* _TASK DESCRIPTION_:
The reply is to be an exact repetition of the entries that follow, with each picture left out.

* _INFORMATION SUPPLIED_:
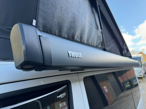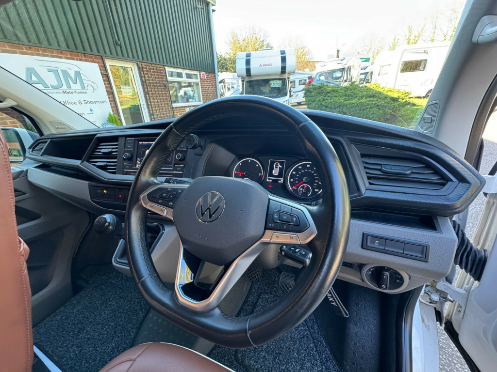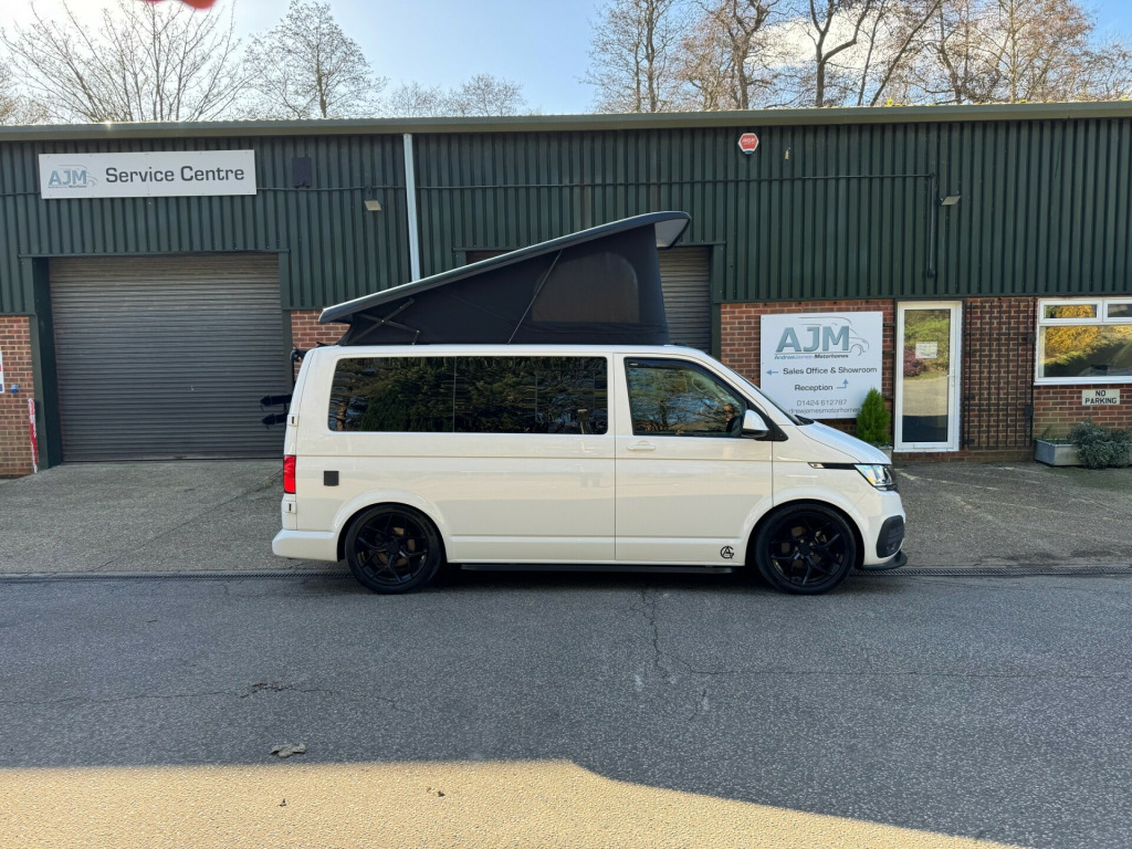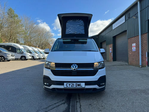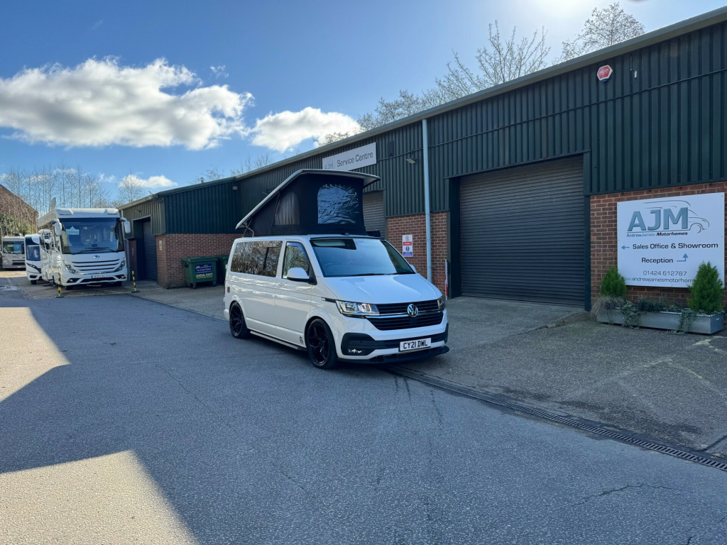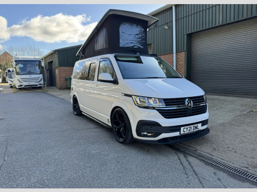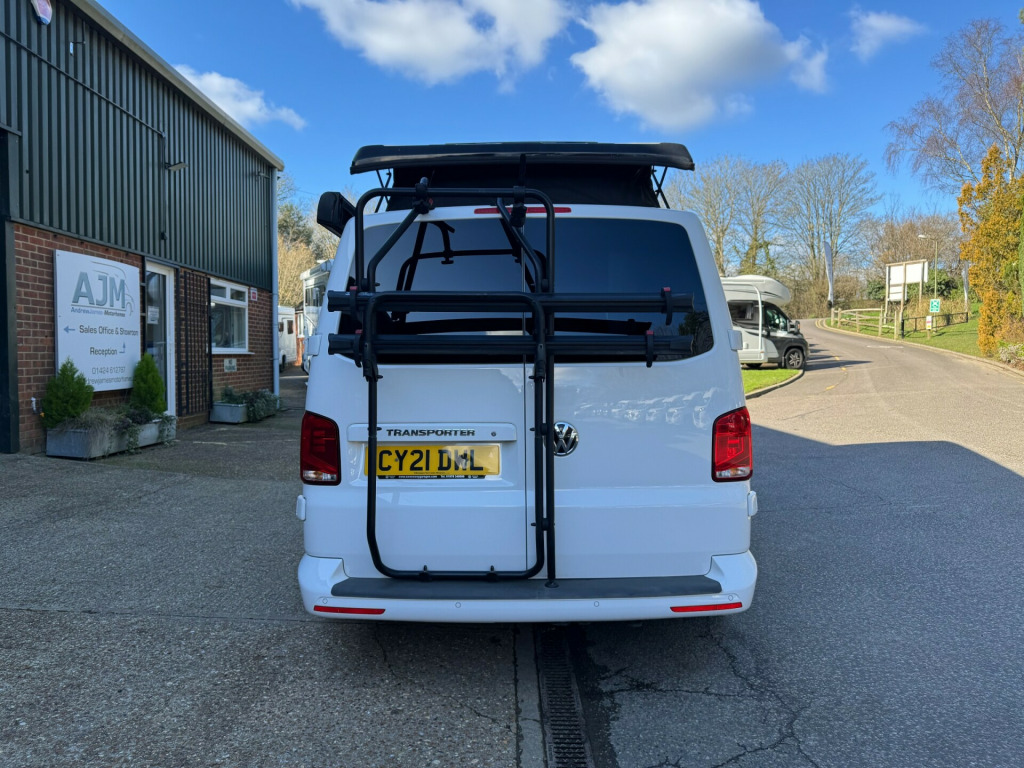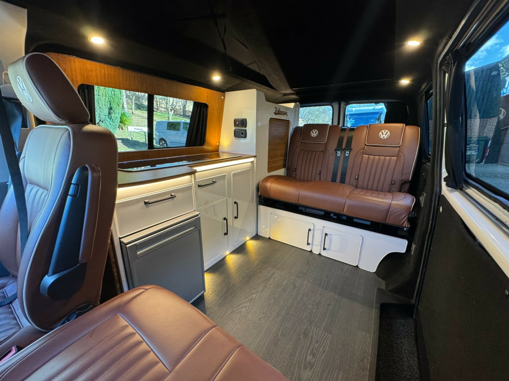 *** NEW ARRIVAL *** We are delighted to offer this stunning conversion on the ever popular 2021 VW Transporter Hi-Line chassis previously supplied by ourselves. This conversion has been carried out to a very high standard and has many features such as, Rear heating, 4000watt inverter system, Dometic Fridge with freezer box, USB and Mains sockets throughout, 2x burner gas hob and sink unit with black gloss lid cover, ample storage throughout, Pop up roof with side net breather windows and front window with complete black out blinds. this pop top also completely un zips and opens up to create the desired open panoramic view, twin leisure batteries, space for one 907 gas bottle in secure gas locker, fresh water and waste water tanks, rock and roll bed with isofix connection, full tan leather throughout with VW embroidery on the head restraints, suede backing effect on the back of the rock-n-roll for bed makeup.The exterior of the camper is in a white colour with front lower splitter, 19inch black gloss alloy wheels, T6.1 Black gloss side running bars, Rear tinted glass, Thule 2.6m awning, 2 Rail Bike Rack, side wall mounted mains hook up socket.The pop-top roof has the upgraded roof selected option with full unzippable front face to create full open front view.Engine BHP available on request..The overall condition of the camper is excellent and viewing is highly recommended.Disclaimer: Whilst every effort is made to ensure the accuracy of the data shown, it is not a definitive statement of specification of the vehicle and no responsibility will be accepted for errors in listing made on this site. r conditioning, bluetooth connection, door mirrors electrically foldable, full leather, double bed, hand basin, 2-burner hob, fridge freezer, side kitchen, 3 point seatbelts, central locking, electric windows, power steering, cruise control, multi-function steering wheel, parking sensors, steering wheel rake adjustment, steering wheel reach adjustment, trip computer, abs, isofix child seat anchor points, quick-clear screen, service indicator, twin air bags, immobiliser, privacy glass, remote central locking, electric mirrors, heated door mirrors, windscreen heating, bluetooth enabled stereo, digital radio, media storage, mobile phone app interface, steering wheel audio controls, front armrest, front head restraints, height adjustable drivers seat, auto lighting, body coloured bumpers, colour coded body, front fog lights, led 3rd brake light, led rear lights, 12v points, 12v usb charging points, 1400 watt inverter system, 19, ample storage offered, colour coded wing mirrors, diesel heating, fiamma 2 rail bike rack, fresh water onboard tank, front bumper splitter, internal fitted curtains, led lighting throughout, m1 type approved bed, mains 240v sockets, omnistor thule awning, overhead led lighting, overhead pop roof bed guard, rear heating, roof mounted solar panel, side & rear curtains, side opening window, space for 907 gas bottle, swivel bench seat, twin leisure batteries, under counter led lighting, 19, 19'' Alloys
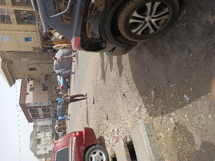 The image depicts a daytime street scene in Sabon Gari East, Nigeria. In the immediate foreground, a dark red SUV's rear quarter panel and wheel are visible on the left, parked on an uneven dirt and gravel surface. A black SUV's rear quarter and wheel are similarly positioned on the right. The ground in the foreground consists of dry, light brown soil, gravel, and scattered debris, including a concrete drainage structure on the lower left. In the midground, a male individual wearing a light blue polo shirt and dark trousers stands prominently on the unpaved street, facing slightly left. Numerous other individuals, primarily male and some in traditional attire, are observed walking or standing further down the thoroughfare. A light blue sedan is parked on the left side of the street, beyond the red SUV. A grey tarpaulin structure, possibly a makeshift stall, is visible on the right side of the street with a person nearby. The street itself appears to be a mix of worn asphalt and packed dirt. The background features multiple multi-story buildings lining the street. A prominent three-story building with a brown-red facade and lighter lower levels stands on the left. A tan or light brown multi-story building with visible shopfronts is on the right. Further buildings, some appearing residential, extend into the distance under a hazy sky. The overall scene suggests a busy urban environment with a mix of commercial and residential activity.
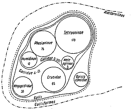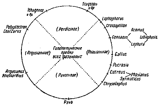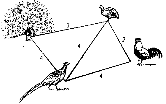Рис. 23. Схема взаимных отношений четырех родов куриных (по Полю).
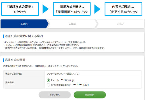 MyJCBでのJ/Secureワンタイムパスワード登録手順は、「認証方式の変更」をクリック、認証方式を選択し「確認画面へ」をクリック、内容を確認して「変更する」をクリックの3段階。MyJCB上で登録情報を変更した場合も、手続きなしでパスワード送付先を変更する。
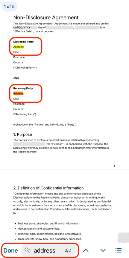 3. Hit done - any matches will appear on the document highlighted in orange.
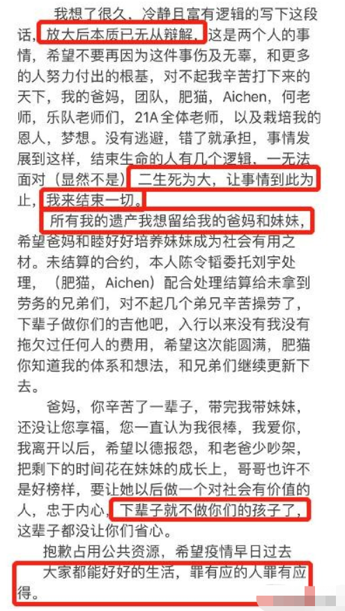 通篇都是“结束一切”“遗产”“生死为大”“下辈子”等自寻短见般的暗示。

* _YOUR SOLUTION_:
 *** NEW ARRIVAL *** We are delighted to offer this stunning conversion on the ever popular 2021 VW Transporter Hi-Line chassis previously supplied by ourselves. This conversion has been carried out to a very high standard and has many features such as, Rear heating, 4000watt inverter system, Dometic Fridge with freezer box, USB and Mains sockets throughout, 2x burner gas hob and sink unit with black gloss lid cover, ample storage throughout, Pop up roof with side net breather windows and front window with complete black out blinds. this pop top also completely un zips and opens up to create the desired open panoramic view, twin leisure batteries, space for one 907 gas bottle in secure gas locker, fresh water and waste water tanks, rock and roll bed with isofix connection, full tan leather throughout with VW embroidery on the head restraints, suede backing effect on the back of the rock-n-roll for bed makeup.The exterior of the camper is in a white colour with front lower splitter, 19inch black gloss alloy wheels, T6.1 Black gloss side running bars, Rear tinted glass, Thule 2.6m awning, 2 Rail Bike Rack, side wall mounted mains hook up socket.The pop-top roof has the upgraded roof selected option with full unzippable front face to create full open front view.Engine BHP available on request..The overall condition of the camper is excellent and viewing is highly recommended.Disclaimer: Whilst every effort is made to ensure the accuracy of the data shown, it is not a definitive statement of specification of the vehicle and no responsibility will be accepted for errors in listing made on this site. r conditioning, bluetooth connection, door mirrors electrically foldable, full leather, double bed, hand basin, 2-burner hob, fridge freezer, side kitchen, 3 point seatbelts, central locking, electric windows, power steering, cruise control, multi-function steering wheel, parking sensors, steering wheel rake adjustment, steering wheel reach adjustment, trip computer, abs, isofix child seat anchor points, quick-clear screen, service indicator, twin air bags, immobiliser, privacy glass, remote central locking, electric mirrors, heated door mirrors, windscreen heating, bluetooth enabled stereo, digital radio, media storage, mobile phone app interface, steering wheel audio controls, front armrest, front head restraints, height adjustable drivers seat, auto lighting, body coloured bumpers, colour coded body, front fog lights, led 3rd brake light, led rear lights, 12v points, 12v usb charging points, 1400 watt inverter system, 19, ample storage offered, colour coded wing mirrors, diesel heating, fiamma 2 rail bike rack, fresh water onboard tank, front bumper splitter, internal fitted curtains, led lighting throughout, m1 type approved bed, mains 240v sockets, omnistor thule awning, overhead led lighting, overhead pop roof bed guard, rear heating, roof mounted solar panel, side & rear curtains, side opening window, space for 907 gas bottle, swivel bench seat, twin leisure batteries, under counter led lighting, 19, 19'' Alloys
 The image depicts a daytime street scene in Sabon Gari East, Nigeria. In the immediate foreground, a dark red SUV's rear quarter panel and wheel are visible on the left, parked on an uneven dirt and gravel surface. A black SUV's rear quarter and wheel are similarly positioned on the right. The ground in the foreground consists of dry, light brown soil, gravel, and scattered debris, including a concrete drainage structure on the lower left. In the midground, a male individual wearing a light blue polo shirt and dark trousers stands prominently on the unpaved street, facing slightly left. Numerous other individuals, primarily male and some in traditional attire, are observed walking or standing further down the thoroughfare. A light blue sedan is parked on the left side of the street, beyond the red SUV. A grey tarpaulin structure, possibly a makeshift stall, is visible on the right side of the street with a person nearby. The street itself appears to be a mix of worn asphalt and packed dirt. The background features multiple multi-story buildings lining the street. A prominent three-story building with a brown-red facade and lighter lower levels stands on the left. A tan or light brown multi-story building with visible shopfronts is on the right. Further buildings, some appearing residential, extend into the distance under a hazy sky. The overall scene suggests a busy urban environment with a mix of commercial and residential activity.
Рис. 23. Схема взаимных отношений четырех родов куриных (по Полю).
 MyJCBでのJ/Secureワンタイムパスワード登録手順は、「認証方式の変更」をクリック、認証方式を選択し「確認画面へ」をクリック、内容を確認して「変更する」をクリックの3段階。MyJCB上で登録情報を変更した場合も、手続きなしでパスワード送付先を変更する。
 3. Hit done - any matches will appear on the document highlighted in orange.
 通篇都是“结束一切”“遗产”“生死为大”“下辈子”等自寻短见般的暗示。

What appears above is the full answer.